Берен на миг выныривает из вязкой чернильной жути, судорожно хватает ртом воздух и вновь погружается в черноту.
Серое утро, грязный снег стелется под колёса старенькой легковушки. Тари сидит на переднем сиденье, отвернувшись к окну. На коленях – полупустая спортивная сумка: вещей взято лишь необходимый минимум. Наряды ей там, куда её везут, не понадобятся. Из окна видны только высокие сугробы, забрызганные коричневой кашей из-под колёс, и пепельная полоска неба над ними.
«Не холодно тебе?» – спрашивает отец. Головы он не поворачивает, пальцы держат руль с таким напряжением, что вот-вот раздавят, голос звучит влажно и солоно, виновато.
«Тепло ли тебе, девица?» – думает Тари и кривая невесёлая улыбка раскалывает фарфоровую бледность её тонкого лица. «Тепло, Морозушко», – отвечает, но второго слова отец за рычанием мотора не слышит. Или делает вид, что не слышит.
Подъезжают к перекрёстку, сбрасывая скорость. И тут из-за поворота вылетает чёрный автомобиль, тормозит совсем рядом, едва не «поцеловавшись» с их машиной капотами. Из него выскакивает Асинэ в расстёгнутой шубке из искусственного меха: без шапки, волосы растрёпаны, а под шубкой, кажется, и вовсе халат. Девушка бросается к машине, стучит в окно, чтобы Тари открыла дверь, но Тари лишь опускает стекло: она не хочет прощаться.

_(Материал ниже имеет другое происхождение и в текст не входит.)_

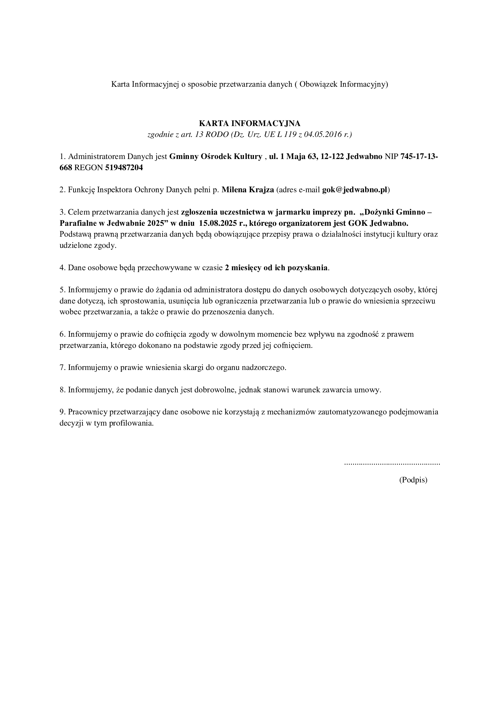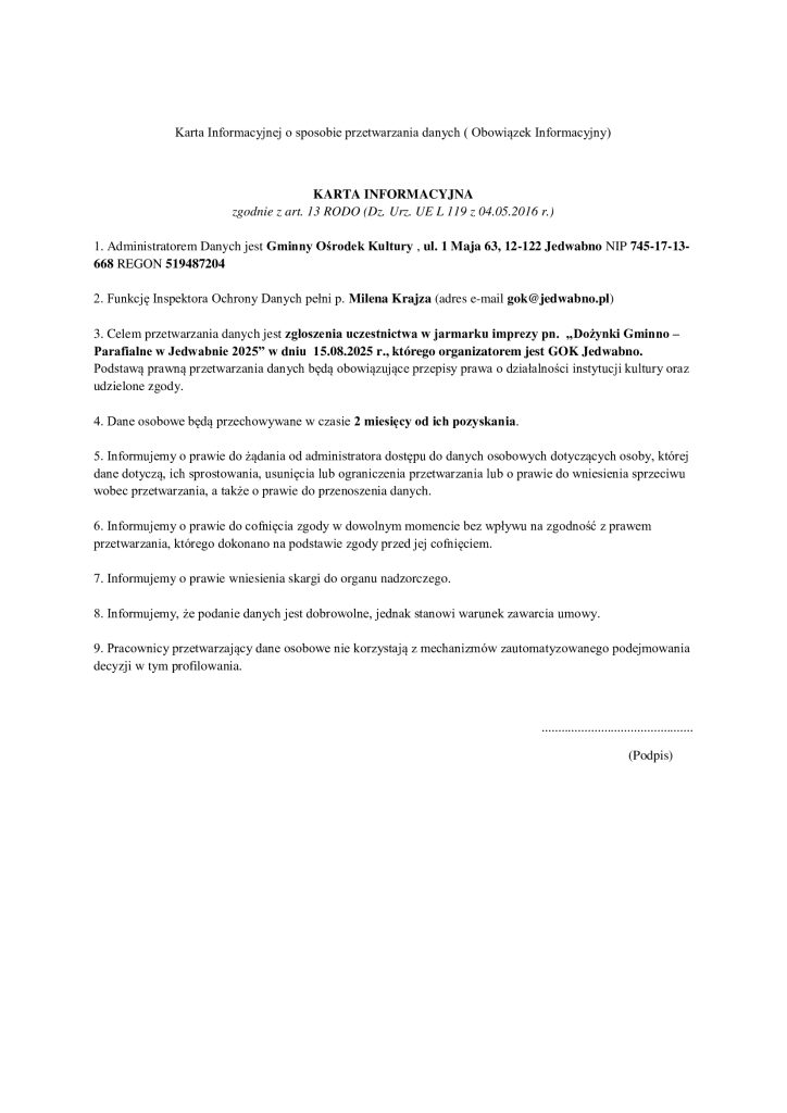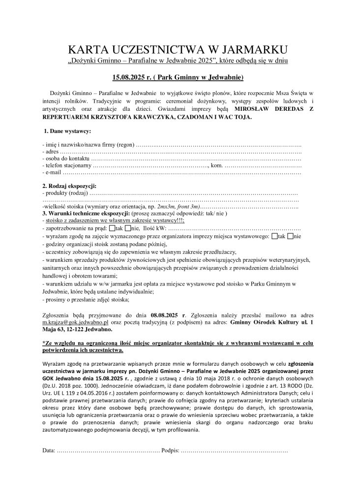 Karty zgłoszeniowe (do pobrania niżej) prosimy przesłać do 08.08.2025 r. na adres e- mail: [email protected] lub pocztą tradycyjną na adres: Gminny Ośrodek Kultury ul. 1 Maja 63, 12-122 Jedwabno. Więcej informacji pod nr tel. 89 621 30 42.

«Вылезай, дурёха! – облачко белого пара срывается с алых, искусанных чуть не до крови губ Асинэ. – Я уж думала – не успеем! – выдыхает, и Тари даже из машины слышно, как громко бухает сердце сестры. – Мы с Соломиром продали дом, Тари, и купили новый. В Виленске! – Асинэ почти кричит, не в силах сдерживать эмоции. – Не поедешь ты ни на какую живодёрню, ты будешь жить с нами!»
«Как – в Виленске? – только и может ответить Тари. – Как вы будете жить в резервации, вы же не грапи?»
«К чёрту, – машет рукой сестра, – приноровимся! Ты мне дороже. Вылезай давай!»
Берен вновь выныривает из тьмы, но сейчас даже не успевает сделать вдох, да и сил на это почти не осталось, – и следующая тёмная волна накрывает его с головой.
Белый больничный коридор, скалящийся блестящим кафелем. Мерцающая лампа дневного света. Воздух пропитан хлоркой, спиртом и неизбывным горем. Тари сидит прямо на полу. Чуть впереди, привалившись к стене, стоит высокий светловолосый мужчина. От раскрывшейся двери по коридору проносится страшный крик, больше похожий на рёв раненого животного. Платок Романы съехал набекрень, и из-под него выбиваются седеющие прядки – неслыханная для неё неряшливость. Сама Романа назвала бы это не иначе как распущенностью, но сейчас ей не до внешнего вида. Она кидается на Тари, но Соломир перехватывает женщину поперёк талии.
«Это ты виновата! – кричит мать, захлёбываясь слезами. – Это всё ты! Ты убила её!»
Слова отскакивают от кафельного глянца со звоном лезвий опасной бритвы. Отскакивают и отлетают прямо в Тари. Какие-то рассекают кожу. Какие-то навсегда застревают глубоко внутри, в сердце.
«Она даже не попыталась жить с этим синдромом, – воет Романа, – потому что видела, во что он превращает людей! Видела по твоей вине! И предпочла умереть, лишь бы не быть такой, как ты!»
Тари молчит. Она не может вымолвить ни слова – горло сжимает невидимая раскалённая цепь. Отчаянно ищет защиты и поддержки в глазах Соломира, но тот отводит взгляд.
«Лучше бы ты погибла тогда, в ту ночь, но ты даже сдохнуть вовремя не можешь!» – и Романа заливается слезами, уткнувшись в плечо зятя.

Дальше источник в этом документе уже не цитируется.